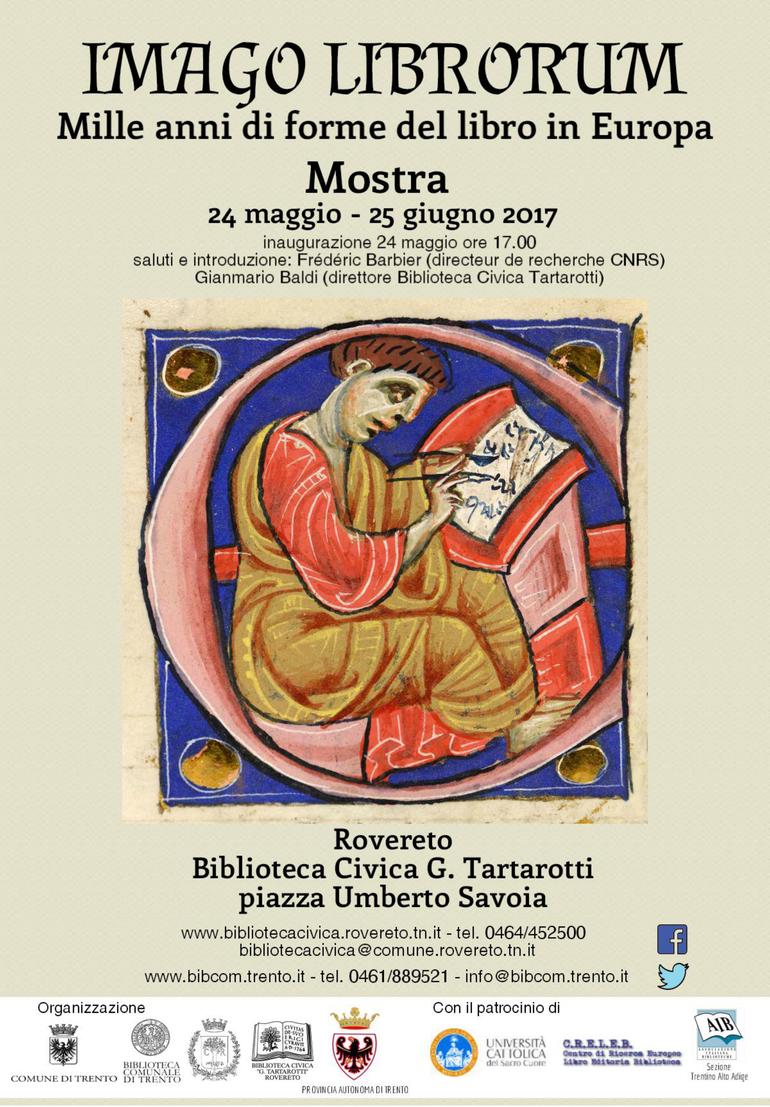 La mostra Imago librorum organizzata presso la Biblioteca Civica “G. Tartarotti” di Rovereto si pone in connessione con l’omonimo convegno che si tiene a Palazzo Geremia di Trento nei giorni 25 e 26 maggio. Nato in stretta collaborazione con la Biblioteca Comunale di Trento, con il sostegno anche della Soprintendenza per i Beni Culturali della Provincia Autonoma di Trento, il progetto intende mettere al centro il libro quale oggetto materiale protagonista dell’ultimo millennio della storia dell’Europa occidentale. L’esposizione, costituita dal prezioso materiale messo a disposizione dalle due biblioteche, vuole documentare alcuni tratti e aspetti di questa straordinaria vicenda.
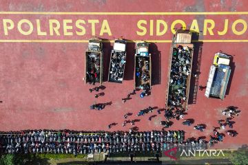 Foto udara ratusan sepeda motor yang terjaring razia diparkir di halaman Polresta Sidoarjo, Jawa Timur, Jumat (20/2/2026). Satuan Lalu lintas Polresta Sidoarjo mengamankan sekitar 300 unit sepeda motor yang diduga digunakan balap liar di kawasan eks Jalan Tol Porong-Gempol usai sahur di bulan Ramadhan 1447 H. ANTARA FOTO/Umarul Faruq/rwa.
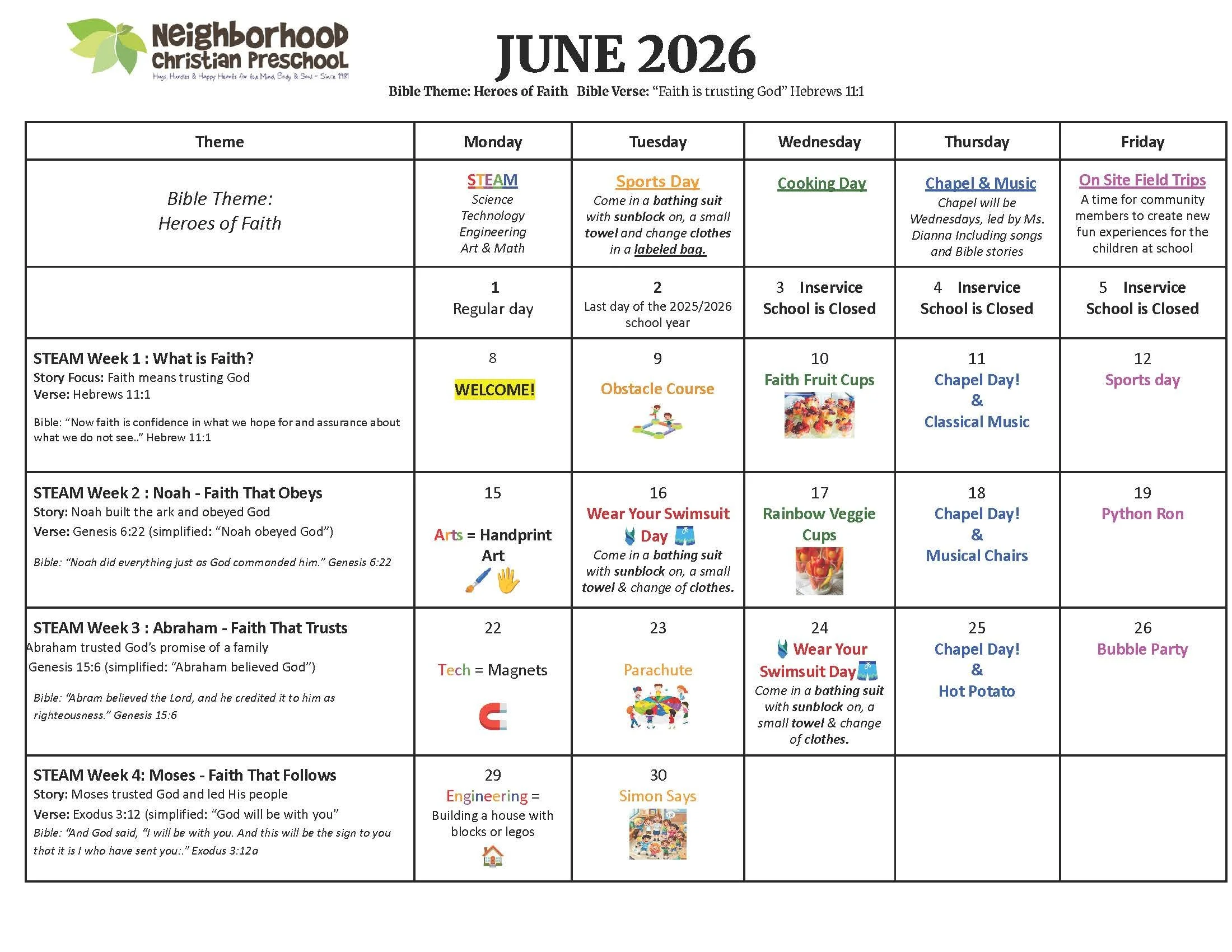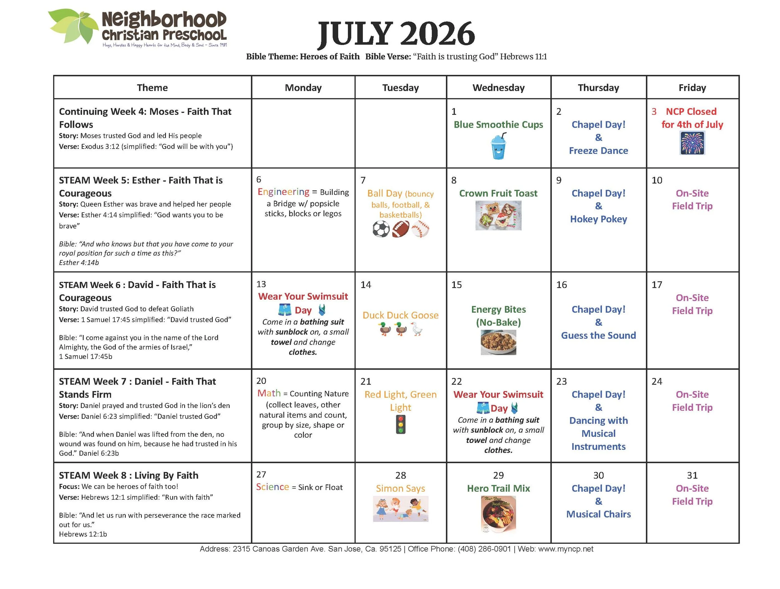 Morning devotionals, worship songs, and prayer weave faith into every day, helping children grow in God’s love.Weekly Guests & Water Play
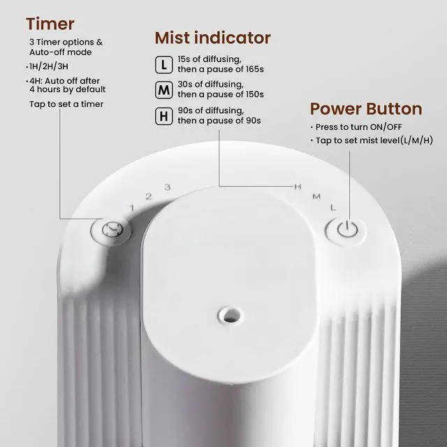 Customizable 3 Mist Levels & 3 Timers: Choose from Low (15s on/165s off), Medium (30s on/150s off), or High (90s on/90s off) mist modes to match your preference. Pair with 1H/2H/3H timers for auto-shutoff, ensuring energy efficiency and worry-free use. Covers ~30 spaces like bedrooms, offices, or cars with consistent fragrance.
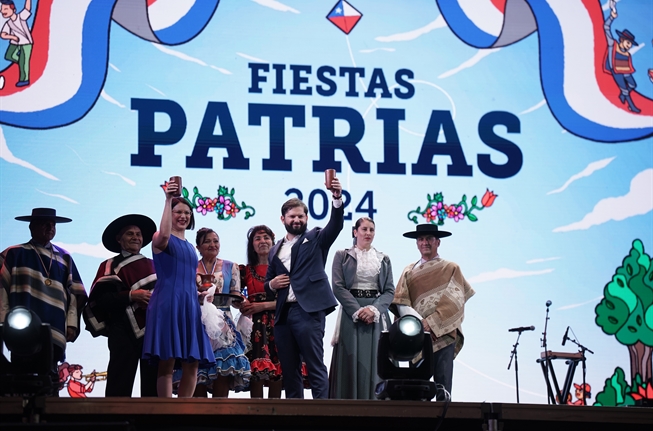 La noche de este lunes, el Presidente de la República, Gabriel Boric Font, encabezó la tradicional inauguración de las Fondas de Santiago 2024 en el Parque O’Higgins, acompañado de la alcaldesa de Santiago, Irací Hassler; a la ministra del Interior y Seguridad Pública, Carolina Tohá; al ministro de Hacienda Mario Marcel; al ministro Secretario General de la Presidencia, Álvaro Elizalde; a la ministra Secretaria General de Gobierno, Camila Vallejo; a la ministra de Desarrollo Social y Familia, Javiera Toro; a la ministra del Trabajo y Previsión Social, Jeannette Jara; al ministro de Agricultura, Esteban Valenzuela; a la ministra de Minería, Aurora Williams; a la ministra de Ciencia, Tecnología, Conocimiento e Innovación, Aisén Etcheverry; el gobernador de la Región Metropolitana, Claudio Orrego; la Presidenta de la Cámara de Diputados y Diputadas, Karol Cariola; además de vecinas y vecinos de Santiago.
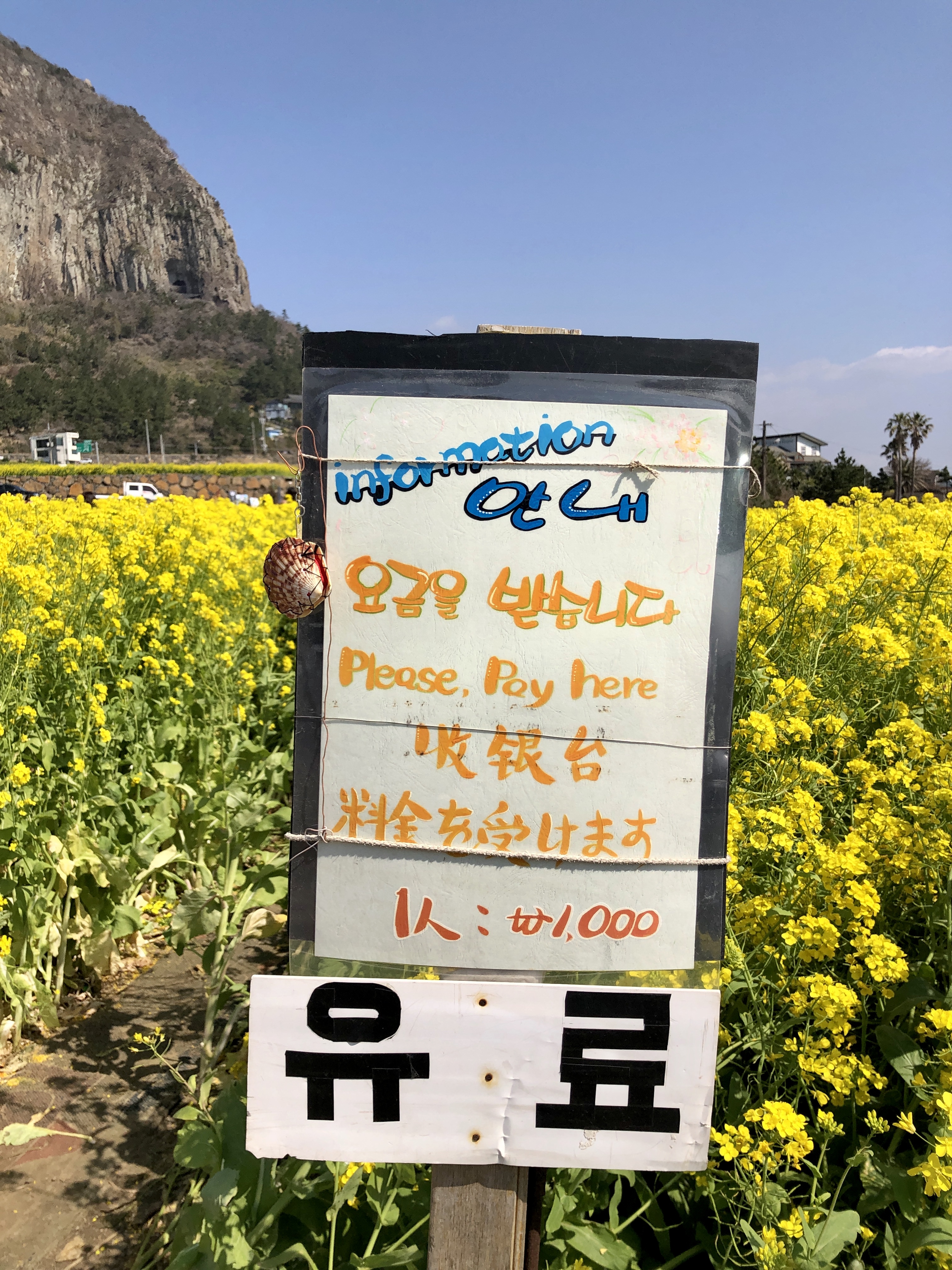 이 유채꽃밭은 1인당 1,000원 유료이며, 도착하면 관리하는 아저씨가 와서 돈을 징수한다.
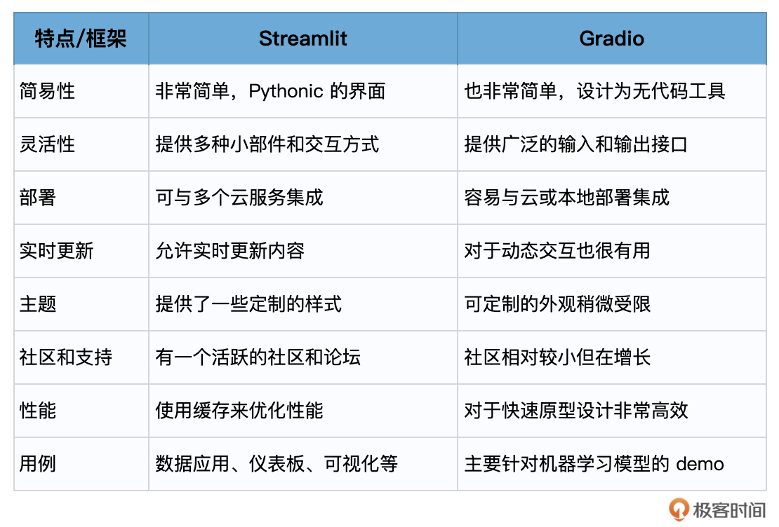 Streamlit 是为数据应用、仪表板和可视化设计的。它提供了多种小部件,使得用户可以与数据和模型进行交互。它非常 Pythonic,意味着它的使用方式非常自然,对于熟悉Python的人来说非常直观。 Gradio 更多是为了展示和演示机器学习模型。它提供了一种快速的方法,使非技术用户也能与机器学习模型进行交互,无需编写复杂的代码。 以下是对它们特点进行的对比总结。
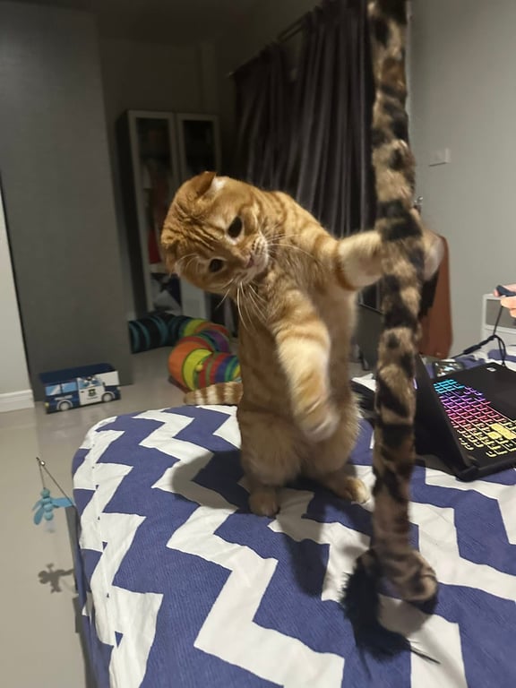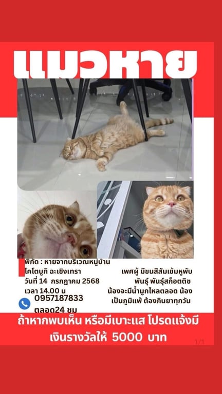 รอยตำหนิ: แมวหูพับสีส้มเข้ม น้องน้ำน้องน้ำมูกไหลตลอดเวลา น้องเป็นภูมิแพ้น้องแมวนิสัยขี้กลัวมากไม่ดุ แต่น้องจะคัดจมูกมีน้ำแต่น้องจะคัดจมูกมีน้ำมูกตลอด น้องเป็นแมวสีส้มเข้ม
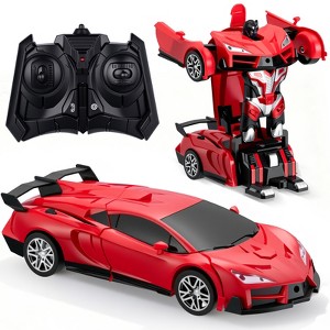 SUGIFT Remote Control Transforming Car Robot – 1:18 RC Deform Vehicle with 360° Rotation, LED Lights, Kids Toy
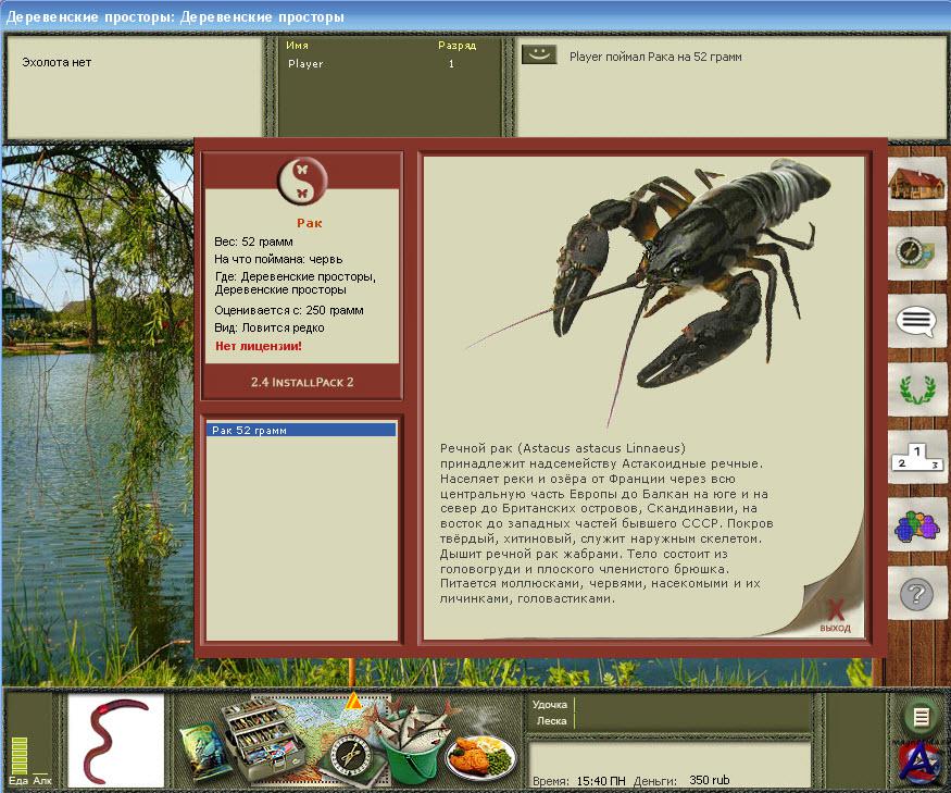 Русская Рыбалка Installsoft Edition 2.4 Год выпуска: 2009 Жанр: Симулятор Разработчик: installsoft Издательство: installsoft Платформа: PC Системные требования: МИНИМАЛЬНЫЕ СИСТЕМНЫЕ ТРЕБОВАНИЯ: Процессор: Pentium 1.2 ГГц Оперативная память: 256 мб Видеокарта с аппаратной поддержкой DirectX 9.0 Разрешение экрана: не менее 1024x768 Свободное место на жестком диске: 400 мб Microsoft Windows XP SP2, Windows Vista или Windows 7 Тип издания: лицензия Язык интерфейса: русский Сrack: Присутствует. Пароль на архив: installsoft.ru Описание: Русская Рыбалка Installsoft Edition 2.4 InstallPack 2 является на данный момент самой популярной версией игры Русская Рыбалка в интернете, имеющей десятки тысяч фанатов в России и странах ближнего зарубежья! И всё это благодаря тому, что игра претерпела огромные изменения в лучшую сторону и является абсолютно бесплатной! В игре имеется 49 самых различных рыболовных баз, 466 игровых локаций. Включены не только водоёмы СНГ, но и водоёмы всего мира. Вы сможете порыбачить на Ниле в Африке или на берегах великой Южно-Американской реки Амазонка, выйти на рыбный промысел в нейтральные воды Чёрного моря или Финского залива. Поймать полярную камбалу или чешуйчатого османа, сырдарьинского лжелопатоноса или электрического угря, амазонскую анаконду или чёрного каймана. Ни в одном из рыболовных симуляторов нет такого количества видов рыб, в этой игре их более 584. Не обделена вниманием и наживка - бокоплав и нереис, паук и гусеница, привычные нам циркулярки и колебалки противостоят мушкам и морским блёснам... И ещё очень много самых разнообразных наживок, блёсен и прикормок. Изменения коснулись и самого геймплея игры. Улучшены и отредактированы количество рыб на локациях, частота клёва, более приближены к реальности повадки рыб, любимые наживки и максимальные веса рыб. Интерфейс игры стал более красочным и удобным. Также в игру добавлены новые турниры, эликсир опыта, клады, увеличена грузоподъёмность снастей и т.д. Плюс ко всему была разработана и внедрена в игру система обычных и трофейных рыб. Благодаря этой системе, ловля рыб становится ещё более непредсказуемой и азартной. Доп. информация: НЕОБХОДИМЫЕ КОМПОНЕНТЫ ДЛЯ ЗАПУСКА ИГРЫ: 1. Microsoft DirectX 9.0c август 2009 2. Microsoft .NET Framework 2.0 3. Microsoft Visual C++ Redistributable Package

- TASK TO CARRY OUT
The result should be an exact copy of only the lines above from the one that holds "이 유채꽃밭은 1인당" through the one that holds "รอยตำหนิ: แมวหูพับสีส้มเข้ม น้องน้ำน้องน้ำมูกไหลตลอดเวลา", both ends included, without pictures.

- REPLY
 이 유채꽃밭은 1인당 1,000원 유료이며, 도착하면 관리하는 아저씨가 와서 돈을 징수한다.
 Streamlit 是为数据应用、仪表板和可视化设计的。它提供了多种小部件,使得用户可以与数据和模型进行交互。它非常 Pythonic,意味着它的使用方式非常自然,对于熟悉Python的人来说非常直观。 Gradio 更多是为了展示和演示机器学习模型。它提供了一种快速的方法,使非技术用户也能与机器学习模型进行交互,无需编写复杂的代码。 以下是对它们特点进行的对比总结。
 รอยตำหนิ: แมวหูพับสีส้มเข้ม น้องน้ำน้องน้ำมูกไหลตลอดเวลา น้องเป็นภูมิแพ้น้องแมวนิสัยขี้กลัวมากไม่ดุ แต่น้องจะคัดจมูกมีน้ำแต่น้องจะคัดจมูกมีน้ำมูกตลอด น้องเป็นแมวสีส้มเข้ม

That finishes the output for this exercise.